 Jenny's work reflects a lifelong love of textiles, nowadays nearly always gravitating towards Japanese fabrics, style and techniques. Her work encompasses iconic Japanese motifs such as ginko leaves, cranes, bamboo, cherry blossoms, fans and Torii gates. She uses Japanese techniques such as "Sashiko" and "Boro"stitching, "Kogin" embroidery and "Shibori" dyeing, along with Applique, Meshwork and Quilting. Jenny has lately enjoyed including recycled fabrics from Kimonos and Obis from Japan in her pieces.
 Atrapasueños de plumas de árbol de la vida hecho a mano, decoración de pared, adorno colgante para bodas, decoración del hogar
☆ ☆ ☆ ☆
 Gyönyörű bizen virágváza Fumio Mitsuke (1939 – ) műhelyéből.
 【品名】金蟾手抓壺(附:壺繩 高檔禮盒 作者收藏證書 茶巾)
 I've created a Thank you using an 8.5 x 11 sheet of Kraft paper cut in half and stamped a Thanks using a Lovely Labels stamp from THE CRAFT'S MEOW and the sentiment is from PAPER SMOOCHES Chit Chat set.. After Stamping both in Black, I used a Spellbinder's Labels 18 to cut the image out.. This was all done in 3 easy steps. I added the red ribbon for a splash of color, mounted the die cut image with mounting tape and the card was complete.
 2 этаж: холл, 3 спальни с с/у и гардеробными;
☆ ☆ ☆ ☆
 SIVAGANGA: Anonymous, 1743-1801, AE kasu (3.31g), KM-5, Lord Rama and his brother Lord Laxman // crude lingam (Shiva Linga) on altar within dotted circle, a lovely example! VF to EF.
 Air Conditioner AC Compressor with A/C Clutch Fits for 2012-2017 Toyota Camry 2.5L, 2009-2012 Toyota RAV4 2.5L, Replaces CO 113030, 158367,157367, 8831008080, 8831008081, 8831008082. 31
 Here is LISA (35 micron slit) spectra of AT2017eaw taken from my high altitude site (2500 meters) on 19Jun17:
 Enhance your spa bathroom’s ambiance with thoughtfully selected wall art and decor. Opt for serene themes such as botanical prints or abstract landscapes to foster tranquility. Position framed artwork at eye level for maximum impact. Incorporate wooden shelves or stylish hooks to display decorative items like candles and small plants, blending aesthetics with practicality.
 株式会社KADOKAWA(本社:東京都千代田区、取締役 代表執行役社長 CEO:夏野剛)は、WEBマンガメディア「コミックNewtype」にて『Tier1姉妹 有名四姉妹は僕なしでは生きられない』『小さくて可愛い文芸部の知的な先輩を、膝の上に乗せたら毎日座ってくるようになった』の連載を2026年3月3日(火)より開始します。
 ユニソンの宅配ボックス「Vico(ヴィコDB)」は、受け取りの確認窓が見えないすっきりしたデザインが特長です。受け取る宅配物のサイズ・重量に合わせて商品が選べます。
☆ ☆ ☆ ☆
→ **EXERCISE DETAILS**
In the listing above, find the line with "SIVAGANGA: Anonymous, 1743-1801, AE" and the line with "ユニソンの宅配ボックス「Vi". Output those two lines and every line between them, exactly as written.

→ **REPLY**
 SIVAGANGA: Anonymous, 1743-1801, AE kasu (3.31g), KM-5, Lord Rama and his brother Lord Laxman // crude lingam (Shiva Linga) on altar within dotted circle, a lovely example! VF to EF.
 Air Conditioner AC Compressor with A/C Clutch Fits for 2012-2017 Toyota Camry 2.5L, 2009-2012 Toyota RAV4 2.5L, Replaces CO 113030, 158367,157367, 8831008080, 8831008081, 8831008082. 31
 Here is LISA (35 micron slit) spectra of AT2017eaw taken from my high altitude site (2500 meters) on 19Jun17:
 Enhance your spa bathroom’s ambiance with thoughtfully selected wall art and decor. Opt for serene themes such as botanical prints or abstract landscapes to foster tranquility. Position framed artwork at eye level for maximum impact. Incorporate wooden shelves or stylish hooks to display decorative items like candles and small plants, blending aesthetics with practicality.
 株式会社KADOKAWA(本社:東京都千代田区、取締役 代表執行役社長 CEO:夏野剛)は、WEBマンガメディア「コミックNewtype」にて『Tier1姉妹 有名四姉妹は僕なしでは生きられない』『小さくて可愛い文芸部の知的な先輩を、膝の上に乗せたら毎日座ってくるようになった』の連載を2026年3月3日(火)より開始します。
 ユニソンの宅配ボックス「Vico(ヴィコDB)」は、受け取りの確認窓が見えないすっきりしたデザインが特長です。受け取る宅配物のサイズ・重量に合わせて商品が選べます。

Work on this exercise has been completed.